• **About this task**
From the line containing "The bowfin possesses" through the last line of the entries, output the text exactly. Pictures stay out.
==== Supplied material
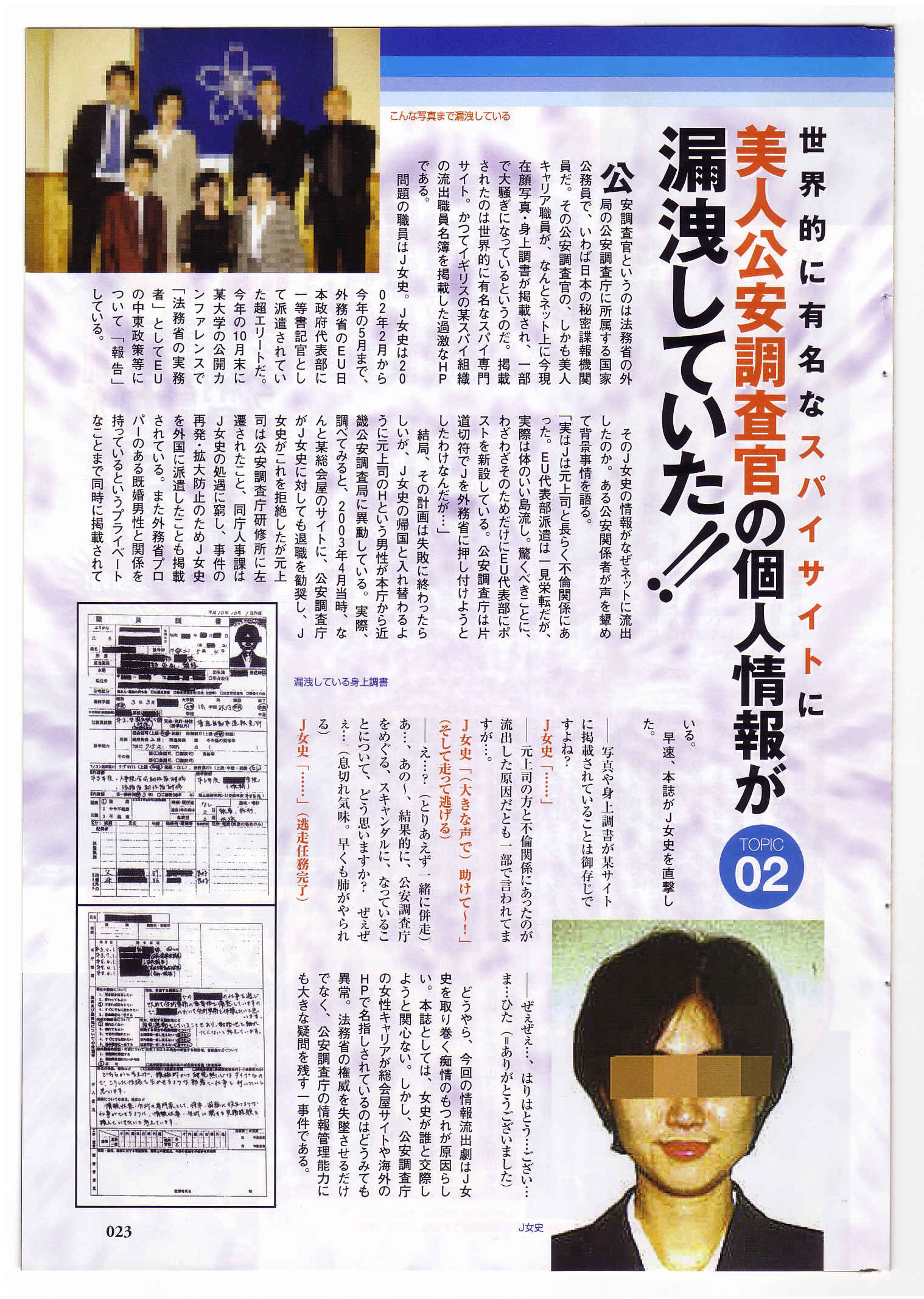 On December 16 (local time), a Japanese monthly magazine reported your web-posting about the PSIA spy officer.
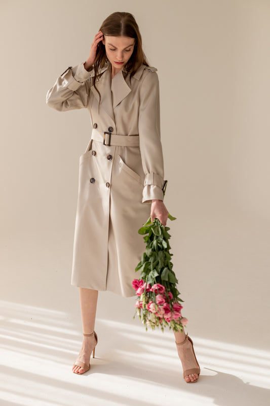 Vaalea beige silkkinen trenssitakki on klassinen elegantti pitkä takki, joka on valmistettu silkkitvillistä. Takissa on hieman väljempi leikkaus, siinä on tiukasti vedetty kaulus ja olkapaikat. Takissa on kaksirivinen nappikiinnitys. Lisäksi siinä on pitkä solkivyö vyötäröllä ja solkiremmit hihoissa, joita voi säätää.
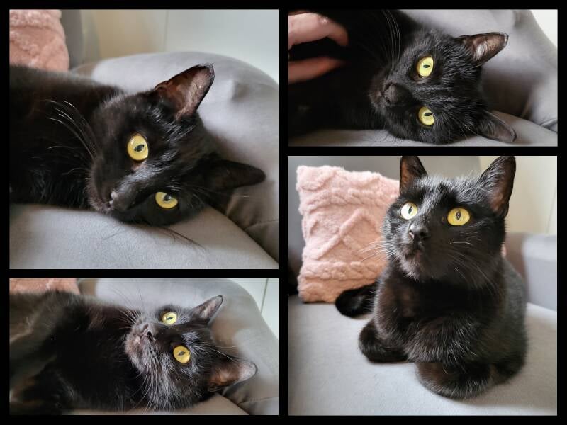 De eerste dagen was het wat wennen voor dit seniorkatje maar al snel liet ze zich zien als de grote knuffelkat die ze is.
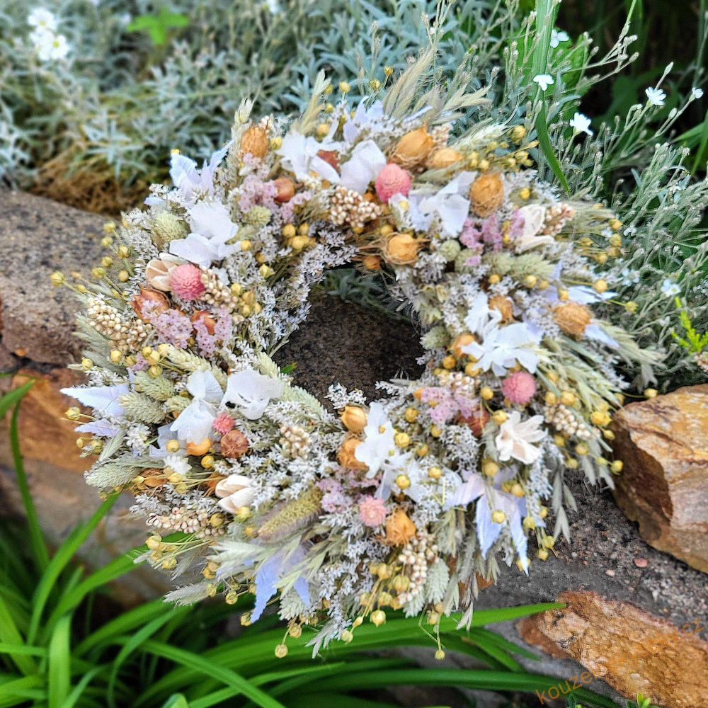 Přírodní věneček vázaný, sušený,vhodný na položení . Průměr 30cm, má očko pro zavěšení.
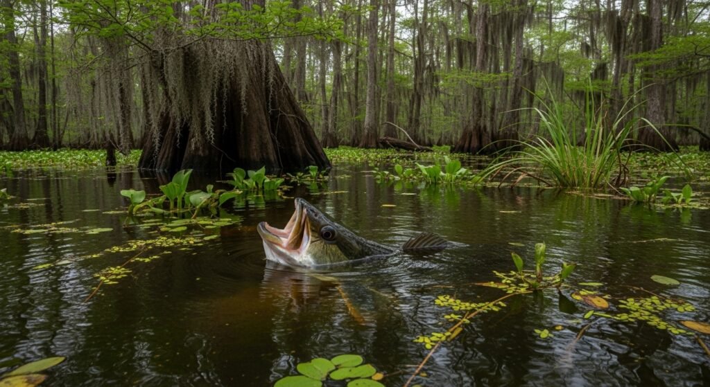 The bowfin possesses a gas bladder that functions like a lung. It can gulp atmospheric oxygen and survive in stagnant, low-oxygen wetlands. Strong fins allow short bursts of movement across muddy ground when water situations drop.
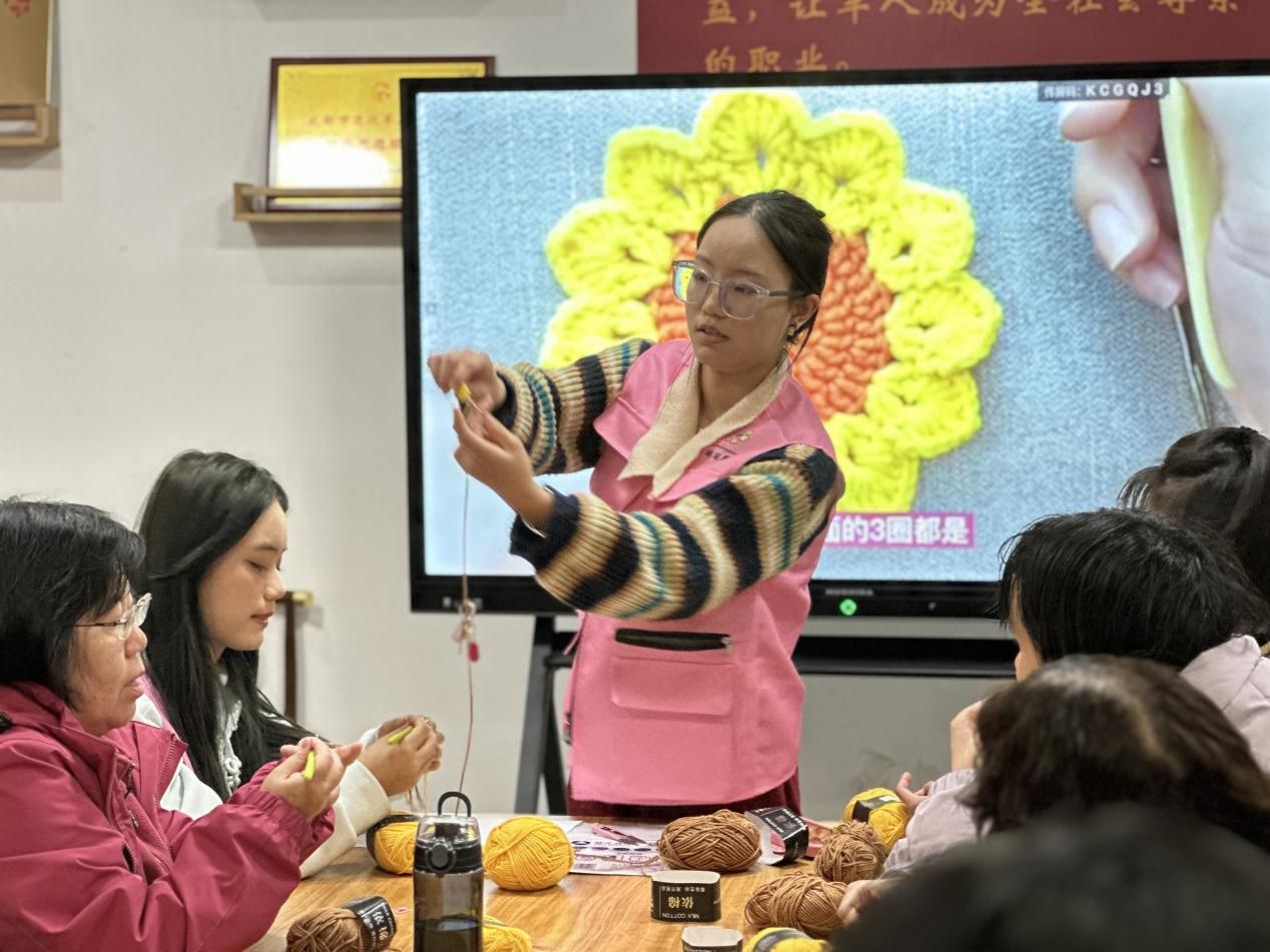 活动现场,钩织老师细致拆解环形起针、长短针变换等技法要点,详细讲解了向日葵杯垫每一圈的构成,教学屏幕上循环播放的视频与讲师的实物演示相得益彰。对于学员们的疑问,志愿者们耐心细致指导,棕黄相间的毛线团在学员们指尖流转,渐次绽放出向阳花朵的雏形。
========
• **Result**
 The bowfin possesses a gas bladder that functions like a lung. It can gulp atmospheric oxygen and survive in stagnant, low-oxygen wetlands. Strong fins allow short bursts of movement across muddy ground when water situations drop.
 活动现场,钩织老师细致拆解环形起针、长短针变换等技法要点,详细讲解了向日葵杯垫每一圈的构成,教学屏幕上循环播放的视频与讲师的实物演示相得益彰。对于学员们的疑问,志愿者们耐心细致指导,棕黄相间的毛线团在学员们指尖流转,渐次绽放出向阳花朵的雏形。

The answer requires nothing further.